# [PROBLEM TO SOLVE]
The listing below is to be given again in full and word for word, without its images.

# [DATA]
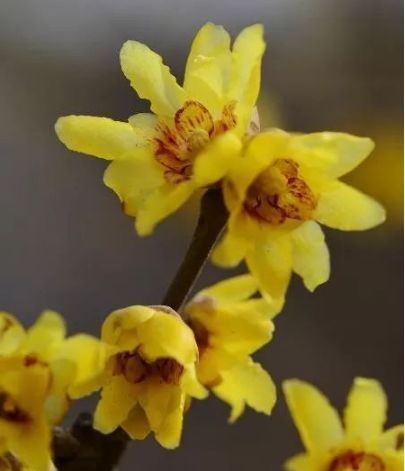 据《本草纲目》记载:“蜡梅,释名黄梅花,此物非梅类,因其与梅同时,香又相近,色似蜜蜡,故得此名。”
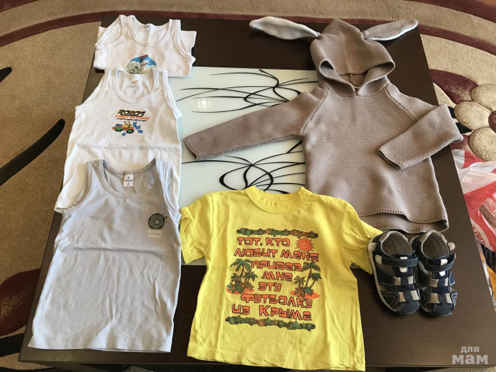На верхней белой майке есть пятна и эмблема прилипла к утюгу. Босоножки носили активно в дет сад. Стелька 14,5 см. Цена за все.
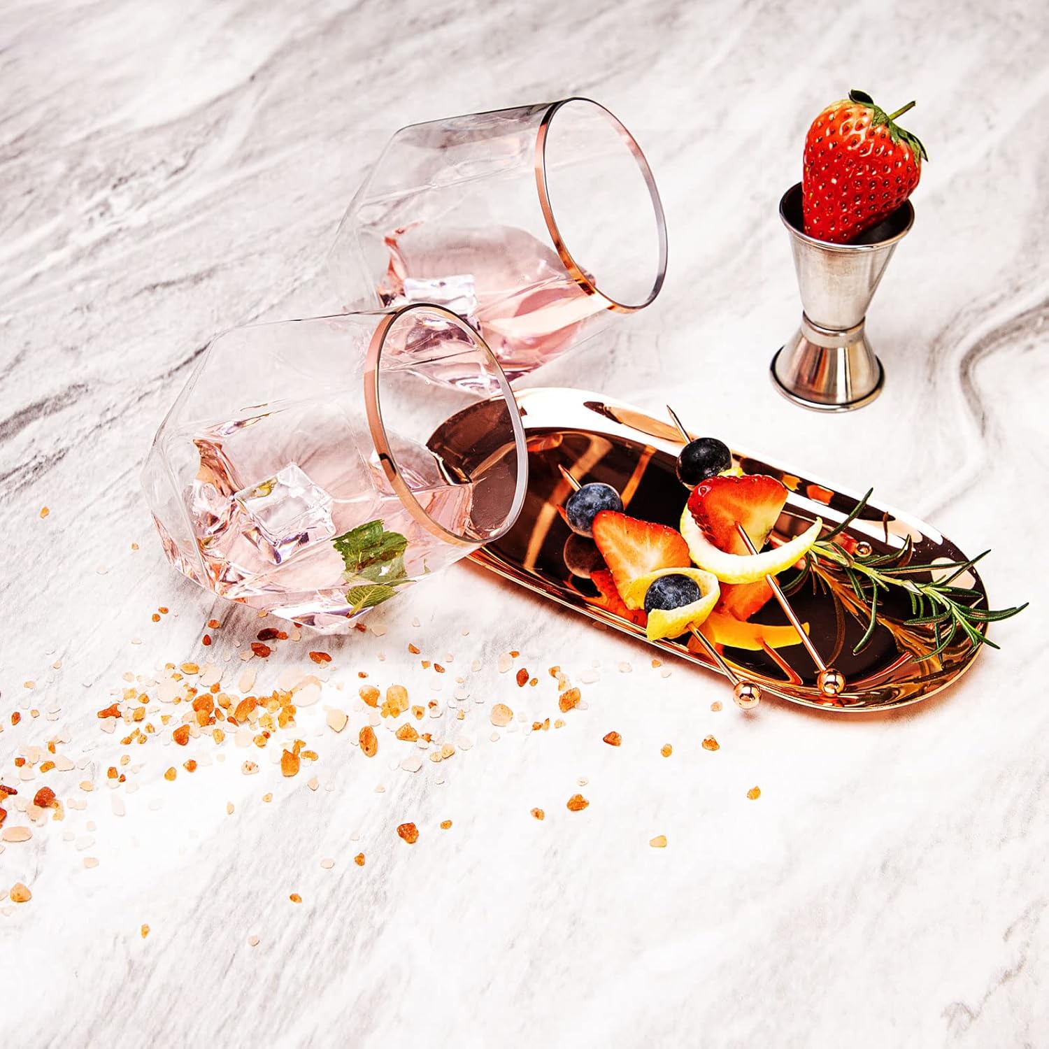 - STURDY & HEALTHY: These clear plastic wine glasses with rose gold rim are made of high-strength plastic that are strong and durable. Non-toxic and harmless materials without BPA, let you rest assured use clear plastic whiskey glasses.
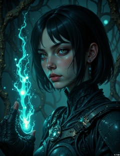 A portrait of a young xenolinguist, her face partially illuminated by the glowing, holographic interface of an alien language translator she's interacting with. Half-body composition, surrounded by strange, organic-looking alien artifacts in a dimly lit research outpost. The image has a substantial, tactile quality to its surfaces, suggesting both the smooth, high-tech feel of her equipment and the bizarre, unknown textures of the alien environment. Cool, holographic light creates sharp highlights on her features and casts long, eerie shadows. The color palette is dominated by the interface's glow (e.g., cyan or emerald) against dark, mysterious alien tones. Sharp, focused catchlights, intricate details on the holographic display, and the unique textures of her specialized suit and the alien artifacts are key.

# [WORKED SOLUTION]
 据《本草纲目》记载:“蜡梅,释名黄梅花,此物非梅类,因其与梅同时,香又相近,色似蜜蜡,故得此名。”
На верхней белой майке есть пятна и эмблема прилипла к утюгу. Босоножки носили активно в дет сад. Стелька 14,5 см. Цена за все.
 - STURDY & HEALTHY: These clear plastic wine glasses with rose gold rim are made of high-strength plastic that are strong and durable. Non-toxic and harmless materials without BPA, let you rest assured use clear plastic whiskey glasses.
 A portrait of a young xenolinguist, her face partially illuminated by the glowing, holographic interface of an alien language translator she's interacting with. Half-body composition, surrounded by strange, organic-looking alien artifacts in a dimly lit research outpost. The image has a substantial, tactile quality to its surfaces, suggesting both the smooth, high-tech feel of her equipment and the bizarre, unknown textures of the alien environment. Cool, holographic light creates sharp highlights on her features and casts long, eerie shadows. The color palette is dominated by the interface's glow (e.g., cyan or emerald) against dark, mysterious alien tones. Sharp, focused catchlights, intricate details on the holographic display, and the unique textures of her specialized suit and the alien artifacts are key.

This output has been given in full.